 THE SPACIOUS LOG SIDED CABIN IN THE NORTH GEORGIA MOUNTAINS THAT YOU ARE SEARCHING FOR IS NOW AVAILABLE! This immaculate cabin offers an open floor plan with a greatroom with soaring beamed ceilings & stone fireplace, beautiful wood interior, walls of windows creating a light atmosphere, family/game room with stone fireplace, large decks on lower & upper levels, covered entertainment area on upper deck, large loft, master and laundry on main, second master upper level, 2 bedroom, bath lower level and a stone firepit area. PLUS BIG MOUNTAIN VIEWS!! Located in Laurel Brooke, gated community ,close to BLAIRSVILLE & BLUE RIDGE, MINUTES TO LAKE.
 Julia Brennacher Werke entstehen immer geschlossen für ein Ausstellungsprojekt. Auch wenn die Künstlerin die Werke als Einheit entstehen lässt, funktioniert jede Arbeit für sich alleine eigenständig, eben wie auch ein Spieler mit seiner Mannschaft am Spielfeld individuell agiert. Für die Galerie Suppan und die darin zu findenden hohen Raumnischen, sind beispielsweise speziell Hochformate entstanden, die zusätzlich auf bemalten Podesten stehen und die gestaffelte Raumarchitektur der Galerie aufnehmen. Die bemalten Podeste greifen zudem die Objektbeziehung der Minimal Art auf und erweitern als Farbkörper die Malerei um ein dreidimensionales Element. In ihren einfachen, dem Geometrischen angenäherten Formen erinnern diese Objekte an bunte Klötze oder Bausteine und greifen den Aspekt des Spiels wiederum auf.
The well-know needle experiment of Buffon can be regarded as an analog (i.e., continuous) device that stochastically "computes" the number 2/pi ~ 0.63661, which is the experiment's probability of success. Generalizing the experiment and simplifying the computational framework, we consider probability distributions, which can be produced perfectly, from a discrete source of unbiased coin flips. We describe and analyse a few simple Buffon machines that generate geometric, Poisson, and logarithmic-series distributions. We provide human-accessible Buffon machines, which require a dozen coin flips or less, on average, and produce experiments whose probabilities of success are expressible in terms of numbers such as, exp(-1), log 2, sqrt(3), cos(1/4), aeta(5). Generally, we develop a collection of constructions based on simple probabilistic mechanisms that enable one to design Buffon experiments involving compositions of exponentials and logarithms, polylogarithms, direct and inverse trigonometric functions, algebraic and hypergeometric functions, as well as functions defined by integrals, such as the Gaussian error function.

=======

# Directions:
Copy the data above exactly. Every line must be included.

# Solution to the problem:
 THE SPACIOUS LOG SIDED CABIN IN THE NORTH GEORGIA MOUNTAINS THAT YOU ARE SEARCHING FOR IS NOW AVAILABLE! This immaculate cabin offers an open floor plan with a greatroom with soaring beamed ceilings & stone fireplace, beautiful wood interior, walls of windows creating a light atmosphere, family/game room with stone fireplace, large decks on lower & upper levels, covered entertainment area on upper deck, large loft, master and laundry on main, second master upper level, 2 bedroom, bath lower level and a stone firepit area. PLUS BIG MOUNTAIN VIEWS!! Located in Laurel Brooke, gated community ,close to BLAIRSVILLE & BLUE RIDGE, MINUTES TO LAKE.
 Julia Brennacher Werke entstehen immer geschlossen für ein Ausstellungsprojekt. Auch wenn die Künstlerin die Werke als Einheit entstehen lässt, funktioniert jede Arbeit für sich alleine eigenständig, eben wie auch ein Spieler mit seiner Mannschaft am Spielfeld individuell agiert. Für die Galerie Suppan und die darin zu findenden hohen Raumnischen, sind beispielsweise speziell Hochformate entstanden, die zusätzlich auf bemalten Podesten stehen und die gestaffelte Raumarchitektur der Galerie aufnehmen. Die bemalten Podeste greifen zudem die Objektbeziehung der Minimal Art auf und erweitern als Farbkörper die Malerei um ein dreidimensionales Element. In ihren einfachen, dem Geometrischen angenäherten Formen erinnern diese Objekte an bunte Klötze oder Bausteine und greifen den Aspekt des Spiels wiederum auf.
The well-know needle experiment of Buffon can be regarded as an analog (i.e., continuous) device that stochastically "computes" the number 2/pi ~ 0.63661, which is the experiment's probability of success. Generalizing the experiment and simplifying the computational framework, we consider probability distributions, which can be produced perfectly, from a discrete source of unbiased coin flips. We describe and analyse a few simple Buffon machines that generate geometric, Poisson, and logarithmic-series distributions. We provide human-accessible Buffon machines, which require a dozen coin flips or less, on average, and produce experiments whose probabilities of success are expressible in terms of numbers such as, exp(-1), log 2, sqrt(3), cos(1/4), aeta(5). Generally, we develop a collection of constructions based on simple probabilistic mechanisms that enable one to design Buffon experiments involving compositions of exponentials and logarithms, polylogarithms, direct and inverse trigonometric functions, algebraic and hypergeometric functions, as well as functions defined by integrals, such as the Gaussian error function.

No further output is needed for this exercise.